The tall form of Cannomois virgata is very decorative, both
the male and female plants can best be used as accent plants either
in a border, or near a rocky outcrop in a rockery. When planted
in large groups the male plants seem to be in the majority. If a
female plant consistently produces a lot of seed, the life span
is only eight to ten years, whereas the male plants or female plants
which produce less seed, can live much longer.
Although the plants in nature often grow near streams and would
look very decorative when planted near a pond, they do not like
standing water and grow better in drier soils but with regular irrigation.
The plants should be regularly given organic fertilizer or compost
to improve the soil. They seem to be remarkably free from pests
- Brown, N., Jamieson, H. & Botha, P. 1998. Grow restios.
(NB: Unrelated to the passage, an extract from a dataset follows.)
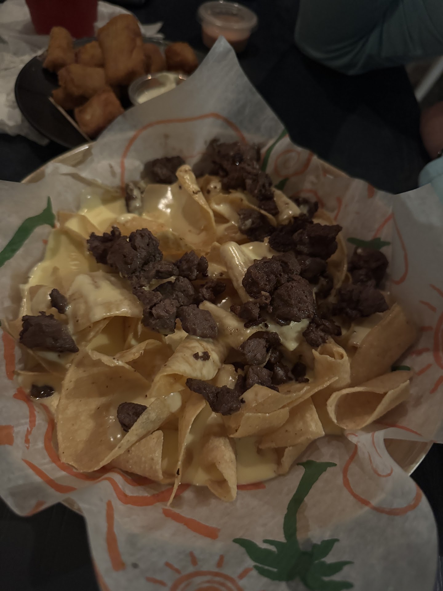 The food took over 45 minutes to arrive, and everything was served at once, which didnât allow time to enjoy the appetizers before the main dish. We ordered sorullos, masitas de dorado, and skirt steak nachos. The sorullos and masitas were just okay, but the nachos were disappointing. The sauce tasted like heavy cream with a little garlic and butter over store-bought chips, topped with skirt steak. The steak was well-seasoned, but the rest of the dish didnât come together.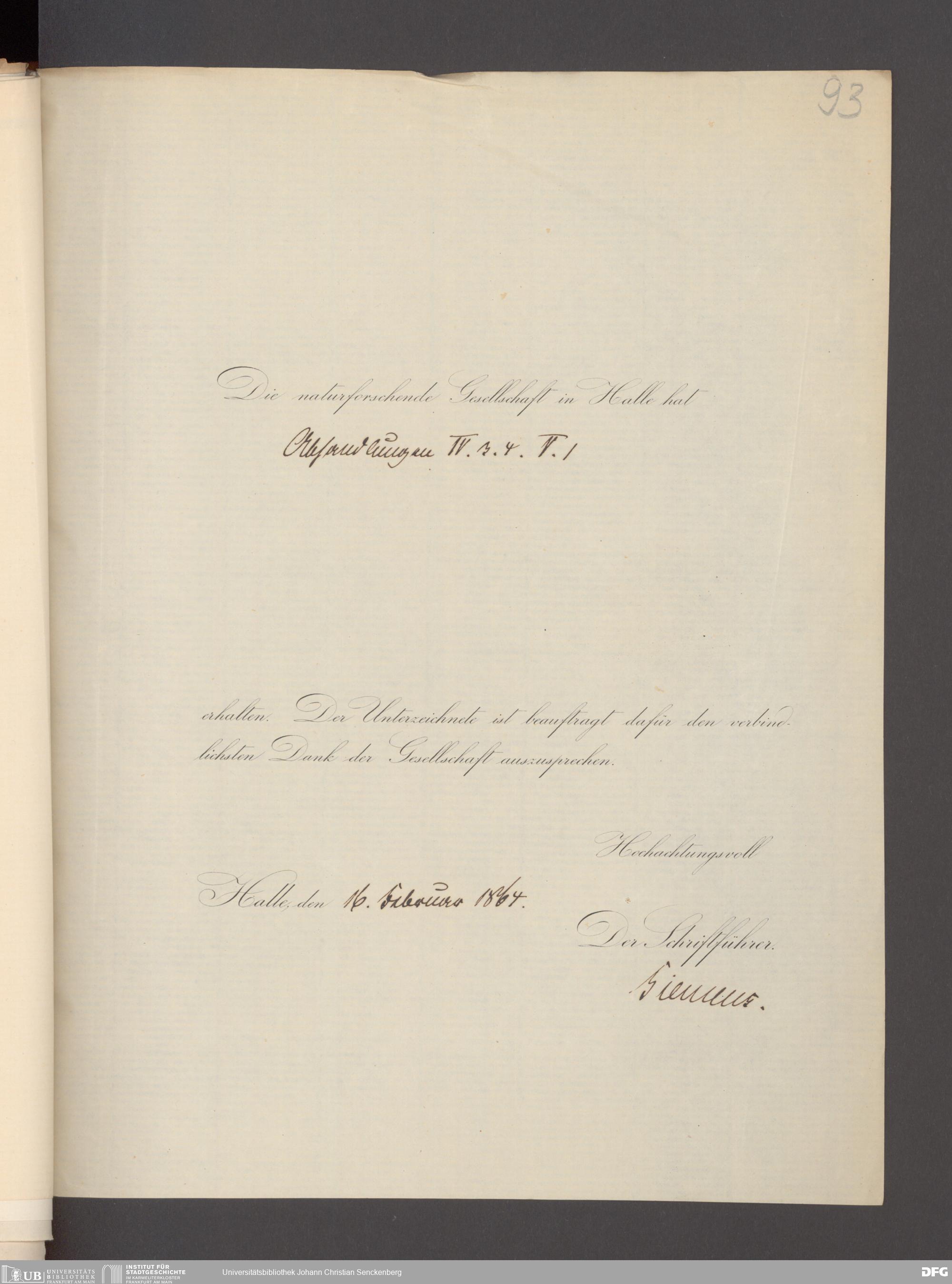 V176 Senckenberg Gesellschaft für Naturforschung, 17 - Korrespondenz über den Schriftentausch mit naturwissenschaftlichen Vereinigungen mit Ortsindex, Bd. 1

Kirstenbosch Gardening Series. National Botanical Institute, Cape
- Goldblatt, P. & Manning, J. 2000. Cape plants. A conspectus
of the Cape flora of South Africa. Strelitzia 9. National
Botanical Institute, Pretoria.
- Dorrat-Haaksma, E. & Linder, H. P. 2000. Restios of the
Fynbos. The Botanical Society of South Africa, Cape Town.
- Linder, H.P. 1985. Conspectus of the African species of Restionaceae. Bothalia 15: 387-503.
- Linder, H.P. 1991. A review of the southern African Restionaceae.
Contributions from the Bolus Herbarium No. 13.
- Smith. C.A. 1966. Common names of South African plants. Memoirs
of the Botanical Survey of South Africa No. 35.